Ученик начал роптать:
– Доколе нам скитаться! Пойдём в Скит.
– Нет! Останемся здесь.
Они сели посреди села как странники. Ученик продолжал роптать:
– Угодно ли такое поведение Богу: мы сидим здесь как миряне? Пойдём, по крайней мере, в церковь.
– Нет! Останемся здесь.
Они пробыли тут до глубокого вечера. Брат совсем вышел из терпения, начал оскорблять старца:
– Беда мне с тобой, старик! Из-за тебя приходится и мне умирать.
В это время подошёл к ним престарелый мирянин, весь седой, сгорбленный. Он пал к ногам Даниила и начал их целовать и обливать слезами. Потом поприветствовал ученика и сказал им:
– Если вам угодно, пойдёмте ко мне в дом.
В руке у него был фонарь. С ним он ходил по улицам, искал странников, убогих, больных и вводил в свой дом. Когда пришли, он налил воды в умывальницу, умыл ноги старцу, а потом и другим братьям. В доме не было никакого богатства. Он предложил всем трапезу, а когда отужинали, собрал все крошки, остатки еды и отнёс собакам. Таков был его обычай: он ничего не оставлял на завтрашний день от ужина.
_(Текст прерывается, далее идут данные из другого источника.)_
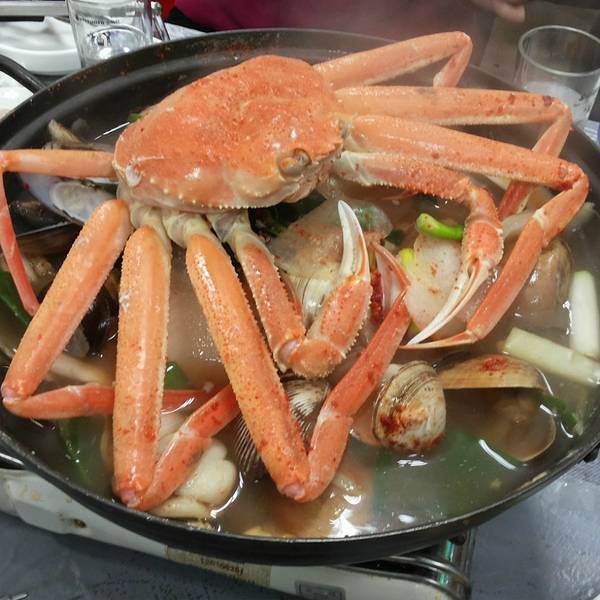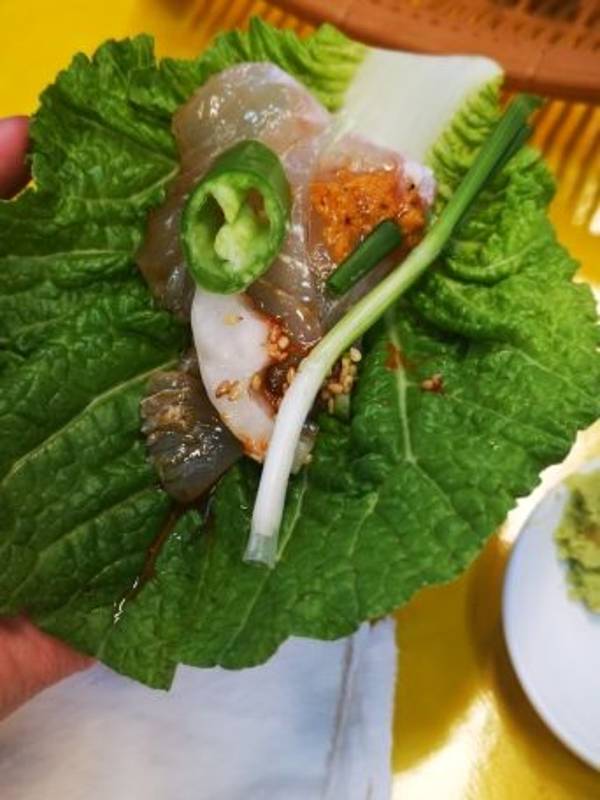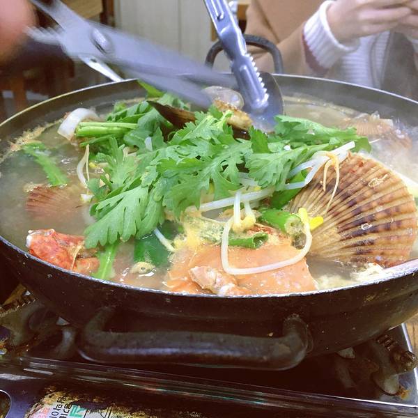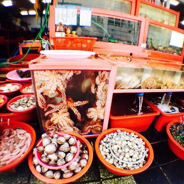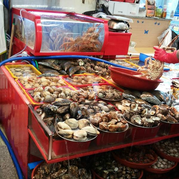 我们当时去语言不通,就在一楼逛了一圈,好不容易发现了一家靠门边的店家老板娘会普通话。所以还是不用担心的,里面有人会将国语。老板娘还特别好心给你想不同的菜系。还会带你去二楼的餐厅,帮你做翻译。【此处小建议】建议在同一家店铺买主要的海鲜,因为卖家会根据你买东西的多少给你减价或者送一些海鲜,我们就送了一大摞小贝壳,后来的贝壳汤就非常鲜。这个推荐,蟹和贝壳一起熬汤,汤汁超级鲜!我是特别喜欢这道菜。这个八爪鱼推荐五颗星,虽然是活的在动来动去,也非常考验你的筷子功力,但是超级鲜甜。【温馨提示】记得咬碎了再吞哦,不然听说会粘住你的食道。鱼片可以吃到鲜味,像包烤肉的吃法,值得一试,但是不会特别推荐,也许是不够冰的缘故,总觉得广东吃过的鱼比较爽口。 展开

Старец отвёл хозяина в отдельное место, и там они пробеседовали до утра. А утром все распрощались и разошлись.
Дорогою ученик поклонился старцу:
– Окажи любовь, авва, кто этот человек, и как ты знаешь его?
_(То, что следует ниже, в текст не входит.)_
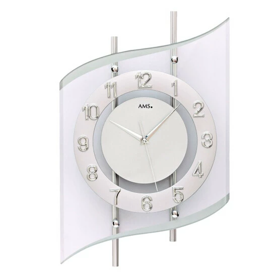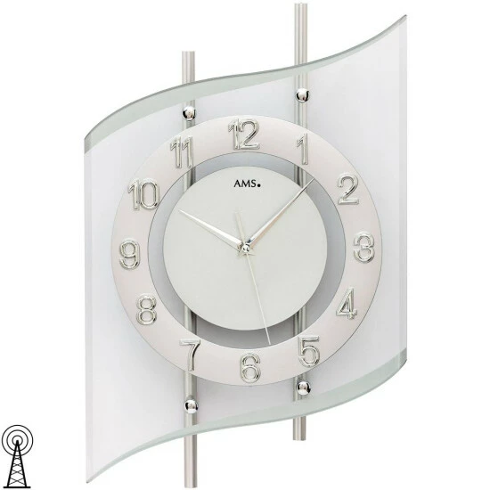 AMS 5506 Wanduhr Funk Funkwanduhr analog silbern modern geschwungen mit Glas

Но старец не хотел сказывать. И тогда ученик опять поклонился ему:
– Авва, о многом другом ты поведал мне, а об этом человеке молчишь.
Так и было: старец рассказывал ему о добродетельной жизни многих святых, а об этом престарелом мирянине не хотел говорить. Ученик очень оскорбился этим и уже всю дорогу молчал. Когда они пришли в келью, ученик не захотел принести в обычное время хлеб старцу – в четвёртом часу по полудни.
Наступил вечер. Старец пришёл в келью брата и сказал:
– Чадо! Что значит это? Ты оставил меня, отца твоего, без пищи.
Ученик ответил:
– Если б я имел отца, то он любил бы меня как сына.
Старец поворотился и пошёл из кельи вон, но брат догнал его, остановил, начал целовать ноги:
– Жив, Господь! Не оставлю тебя, пока не поведаешь мне, кто этот человек.
Он не хотел оставить отца в скорби, потому что очень любил его. Тогда старец сказал:
– Дай мне немного поесть, и я скажу тебе.
После вкушения пищи старец сказал ученику: «Не будь непокорен. Не хотел я сказывать тебе за прекословие, которое ты допустил себе в селении. Смотри, не сказывай никому о том, что расскажу тебе. Человека этого зовут Евлогий. По ремеслу своему он каменотёс, весь день проводит в работе и ничего не ест до вечера. А вечером, собрав в селении всех убогих, мирских и монахов приводит в дом, всех кормит, как ты видел, а все остатки относит собакам, ремеслом своим он занимается с юности, а теперь ему более ста лет. Но и поныне Бог даёт ему такую же крепость в работе как в молодости. Ежедневно он вырабатывает по золотой монете.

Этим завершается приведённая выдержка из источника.